34   The defendant asserts that each imputation fails to specify the precise act or condition which is said to have been attributed to the plaintiff. The plaintiff responded by referring to the words of Gleeson CJ Drummoyne Municipal Council v Australian Broadcasting Corporation (supra), where the Chief Justice said this: (at 137)

          “The attribution to a person of an act or condition may be done with a high degree of particularity or it may take the form of the most generalised and non-specific abuse. It is a feature of certain forms of defamation that one can read or hear matter published concerning a person and be left with the powerful impression that the person is a scoundrel, but find it very difficult to discern exactly what it is that the person is said or suggested to have done wrong. The requirement upon a plaintiff cannot go beyond doing the best that can reasonably be done in the circumstances. If a defendant has posted in a public place a sign that simply says ‘X is disgusting’, the degree of specificity with which it is appropriate to require X to formulate the defamatory imputation will need to be related to the nature and content of the defamatory matter.”

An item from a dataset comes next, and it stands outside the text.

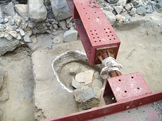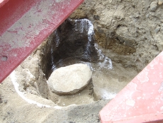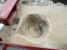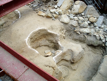 ただ、外堀石垣の上端から北側約2mの位置で、石垣ラインに沿って一列に円形の穴が9箇所検出されました。直径1.5m、深さ1mほどのすり鉢状の穴で、その中に直径20cm〜30cmの柱の痕跡が検出されたことから、柱を立てるための穴と判断された。しかも、石垣に沿って3m間隔で掘られていることから、石垣上に造られていた土塀を支える柱(控柱)の跡と考えられた。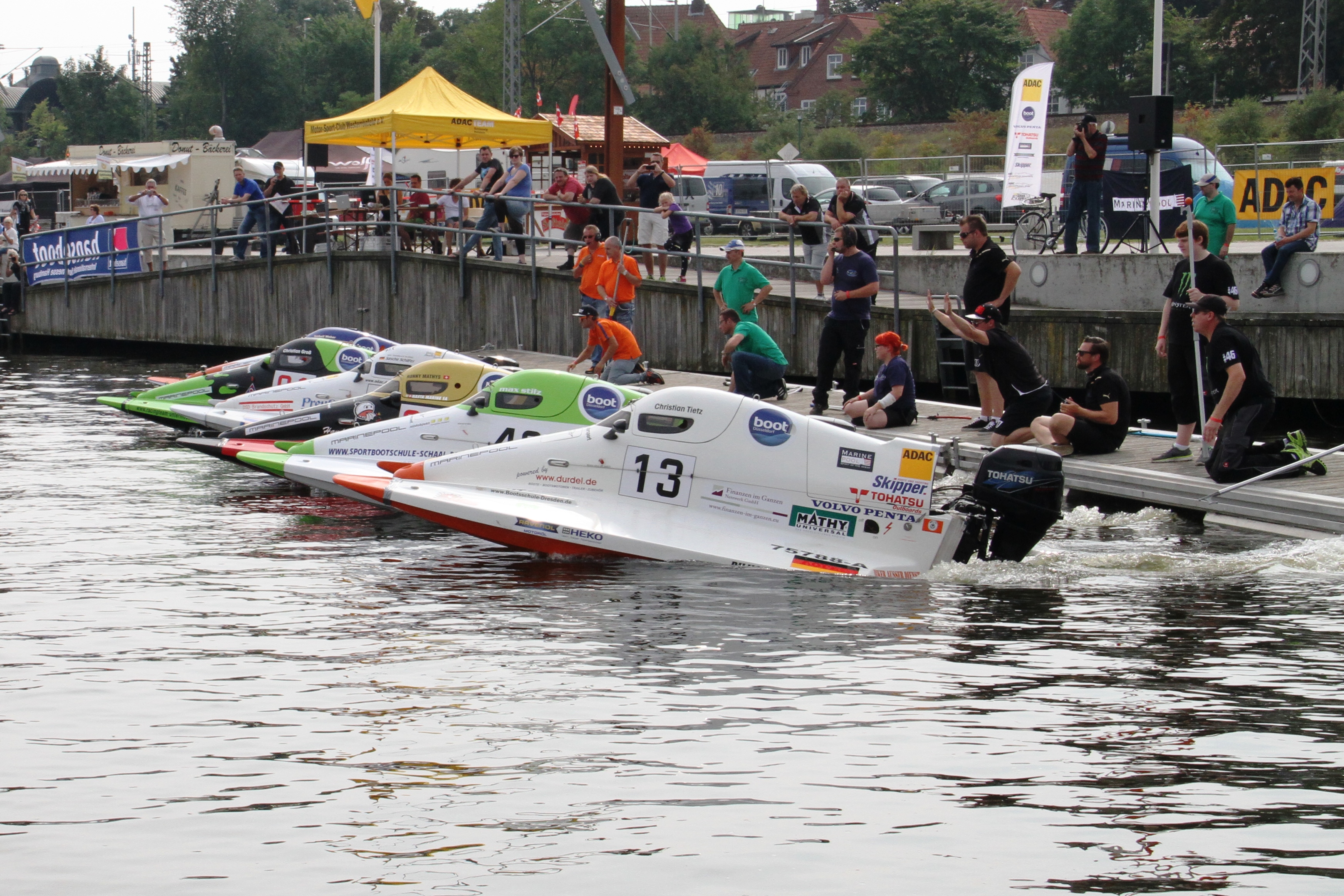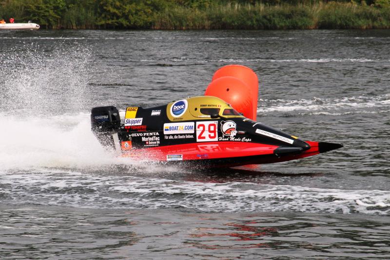 Neuling Ronny Mathys (30, Schweiz) gelangen auf einem anspruchsvollen Sieben-Bojen-Kurs in Rendsburg zwei Siege. Er konnte das zweite Sprint- und das erste Hauptrennen für sich entscheiden. Da Mathys in den beiden anderen Läufen jeweils Rang zwei belegte, war er der große Gewinner dieses Rennwochenendes. In der Gesamtwertung verbesserte sich Mathys vom vierten auf den zweiten Platz. Er ist jetzt mit 52 Punkten Rückstand (ein Sieg in einem Hauptrennen gibt 40 Punkte) auf Schäfer der erste Verfolger des Gesamtführenden im ADAC Motorboot Cup.

35   Here the impression is created that the plaintiff is the person morally responsible for the torture and death of Istvan Somogyi (whether he administered the blows personally or supervised others in doing so) (cf Singleton v French (supra) at 428). I believe in each case the article is capable of conveying to the reasonable reader such an impression. Imputations 4(f) and 6(f) and 4(g) and 6(g) should go to the jury.


      Orders

36   I therefore make the following orders:


      1. Imputations (c), (f) and (g) in paras 4 and 6 should go to the jury.

      2. Imputations (a), (b) and (d) in paras 4 and 6 should not go to the jury. The plaintiff has liberty to re-plead.

      3. The plaintiff should pay half the defendant’s costs.